Additionally, gifts and inheritances have been excluded from gross income since 1913. Discuss the tax consequences of gifts made of property and any income produced by the property. What, if any, are the exclusions and taxable income according to Section 102?
Can you do make response # 1 to 3 each posted below.
1. From: Rebecca Willis posted May 12, 2018 1:59 AM
Absolutely, this is something I feel very passionate about. I do believe this is discriminatory. We live in a very different age right now. We watched our parents pay off houses in their life time and a very small percentage of my generation will even afford to do that. The generation coming up now, my children’s generation will likely never afford a house in our state. A two-bedroom run down house will sell on the average of $350,000 and will likely be in a bad neighborhood, making it almost impossible for the young families want to invest in a house. The flip side of this is, almost all tax deductions are discriminatory, as they allow some deductions and not others.
Receipt of any gift is a taxable event. You will owe the tax on the fair market value of any gift you receive. Any and all income produced by the gift will also be subject to tax. Both of these are subject to the taxpayer’s marginal tax rate.
2. From: Carolyn Holland posted May 11, 2018 3:02 PM
Hello Professor and Classmates,
I don’t believe that the tax deduction law allowing home owners to take a tax deduction is discriminatory. I believe that each person’s tax situation is different and will be taxed accordingly. If it was discriminatory, then so would the homestead exemption that taxpayers are allowed on their property tax. That would open a whole new discrimination can of worms.

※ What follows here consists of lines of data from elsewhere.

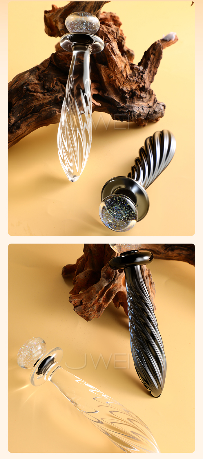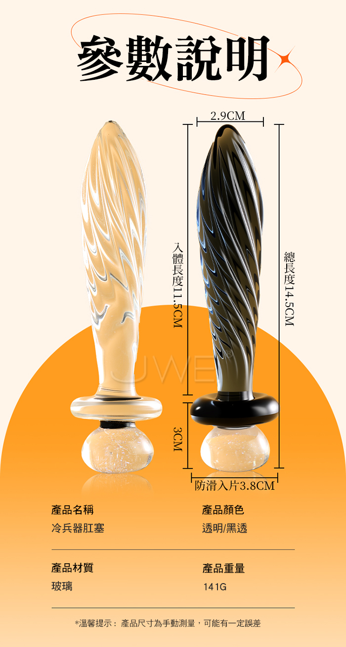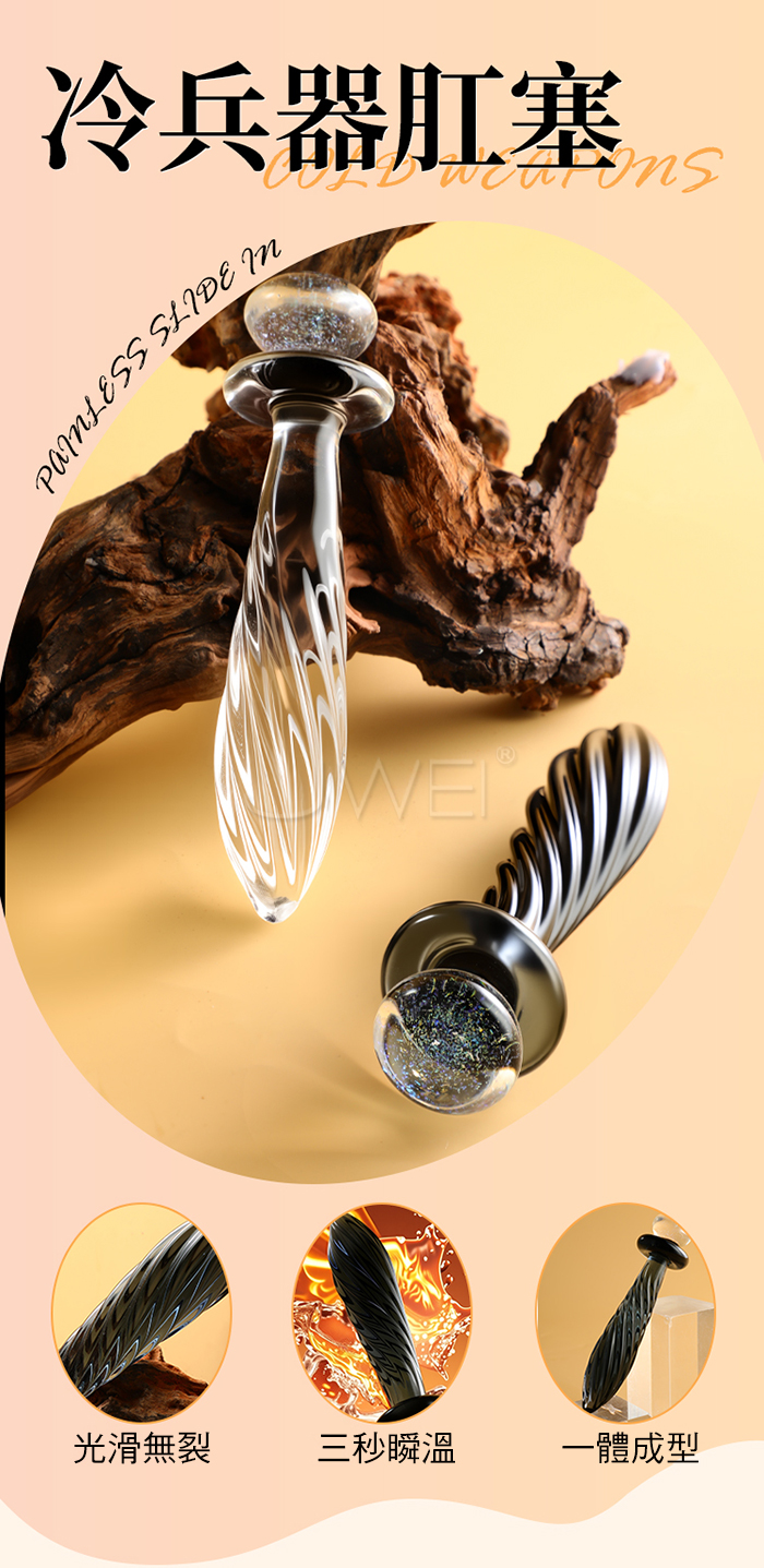 | 冷兵器.圓潤尖頭環形螺紋冰火雙體驗玻璃後庭肛塞【透黑】
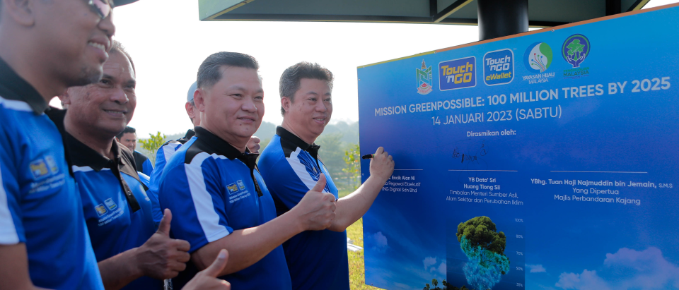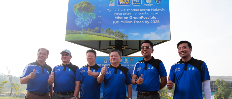 '100 million trees by 2025' is a mission within the Greening Malaysia Agenda, which is a National agenda; set by the Ministry of Natural Resources, Environment and Climate Change via its agency, Yayasan Hijau Malaysia, and led by the Forestry Department of Peninsular Malaysia. As of 21 February 2023, the agency has planted 57 million trees. The mission may be accomplished earlier with the support of Malaysians and Touch 'n Go Group.
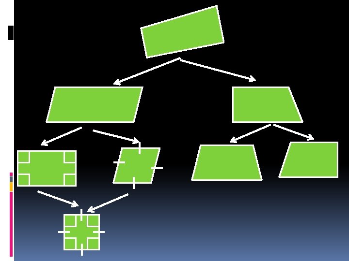 QUADRILATERAL – a polygon with four sides, four angles and four vertices PARALLELOGRAM – a quadrilateral that has two pairs of opposite sides that are parallel RECTANGLE – a parallelogram that has four right angles RHOMBUS – a parallelogram that has four equal sides SQUARE – a rectangle that has four equal sides – a rhombus that has four right angles

I believe that gifts and inheritances should not be taxable to the recipient. If the recipient of an inheritance in which property is received and that recipient in the future decides to sell the property for a profit, they should be required to pay taxes on the gain. Which is one of the limitations in IRS section 102 code.
3. From: Alexandra Moraitis posted May 11, 2018 12:33 AM
On your home mortgage interest is any interest you pay on the loan of your home. It could be a, mortgage to buy a home, a second mortgage, a line of credit or a home equity loan. This can be done if you met all the conditions of a deduction home mortgage interest.
- Filing a 1040 form and itemizing deductions on schedule A.
- The mortgage is secured debt on a qualified home in which you have ownership interest.
All of the home mortgage interest can be deducted depending on your date of the mortgage, the amount of the mortgage and how you use the mortgage proceeds.
For tax deductions landlord benefit it more than tenants. Renters cannot deduct rent payments from federal returns. In some states offer a rental tax deduction and there be other federal deductions renters can claim. Overall,I do not see it as a deduction discriminatory because not everyone can reap from the same benefits.
If money was received from an inherited property is determined basis in the property for it to be taxable. The FMV of the property on the date of the decedent’s death. If the executor of the estate chooses to use the alternate valuation date.